===== RECORDS FOR THE TASK =====

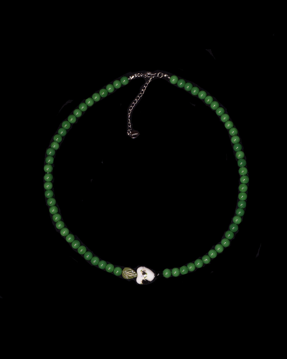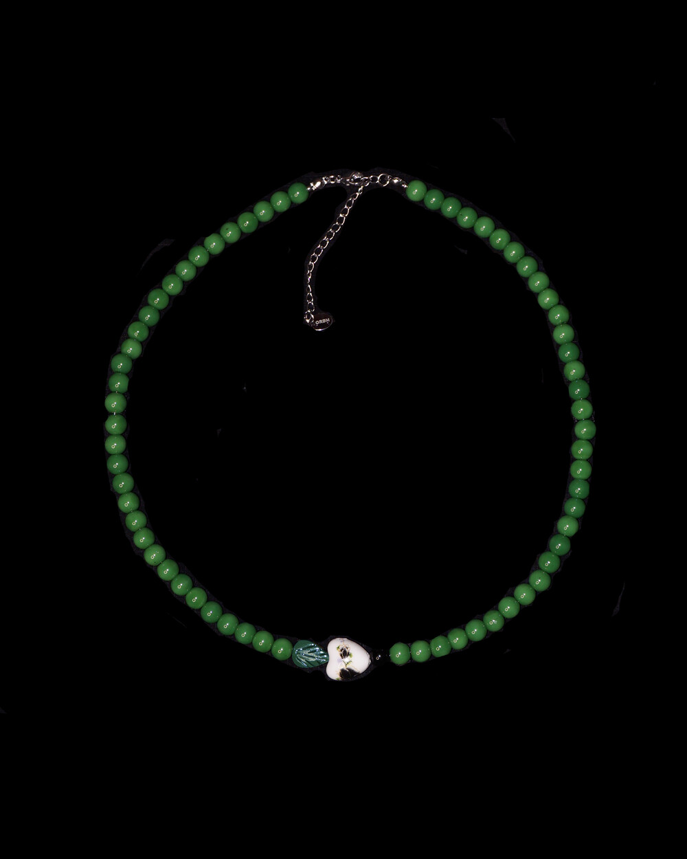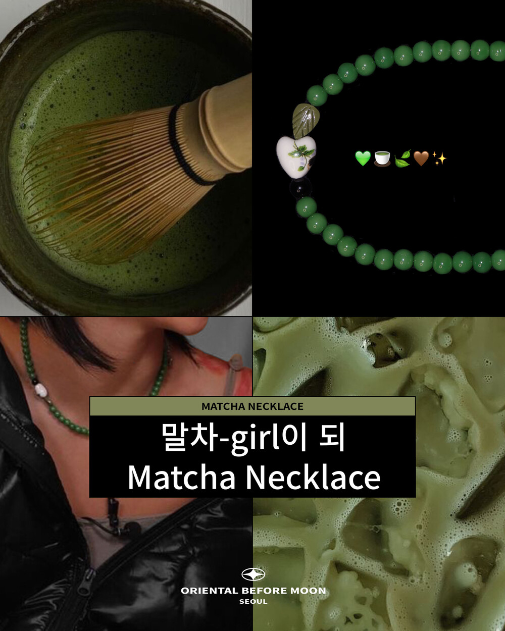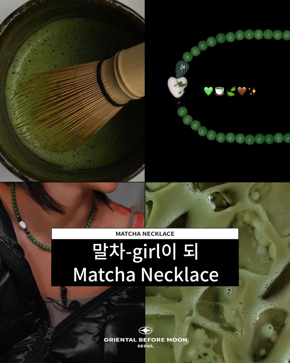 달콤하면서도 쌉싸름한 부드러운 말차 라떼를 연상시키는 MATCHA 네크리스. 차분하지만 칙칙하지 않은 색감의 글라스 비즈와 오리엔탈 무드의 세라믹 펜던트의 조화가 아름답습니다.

=====
===== RECORDS FOR THE TASK =====

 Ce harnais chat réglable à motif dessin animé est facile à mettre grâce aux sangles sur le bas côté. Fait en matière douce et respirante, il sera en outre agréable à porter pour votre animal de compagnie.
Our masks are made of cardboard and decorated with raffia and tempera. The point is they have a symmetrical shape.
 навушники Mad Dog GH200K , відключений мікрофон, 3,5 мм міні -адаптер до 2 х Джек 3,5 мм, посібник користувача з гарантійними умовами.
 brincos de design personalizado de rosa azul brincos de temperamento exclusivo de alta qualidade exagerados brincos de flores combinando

=====

→ **WHAT IS NEEDED**:
Where the listing above has a line with "Our masks are", start there, and output every line exactly through the line with "brincos de design", which is also included.

→ **SOLVED EXERCISE**:
Our masks are made of cardboard and decorated with raffia and tempera. The point is they have a symmetrical shape.
 навушники Mad Dog GH200K , відключений мікрофон, 3,5 мм міні -адаптер до 2 х Джек 3,5 мм, посібник користувача з гарантійними умовами.
 brincos de design personalizado de rosa azul brincos de temperamento exclusivo de alta qualidade exagerados brincos de flores combinando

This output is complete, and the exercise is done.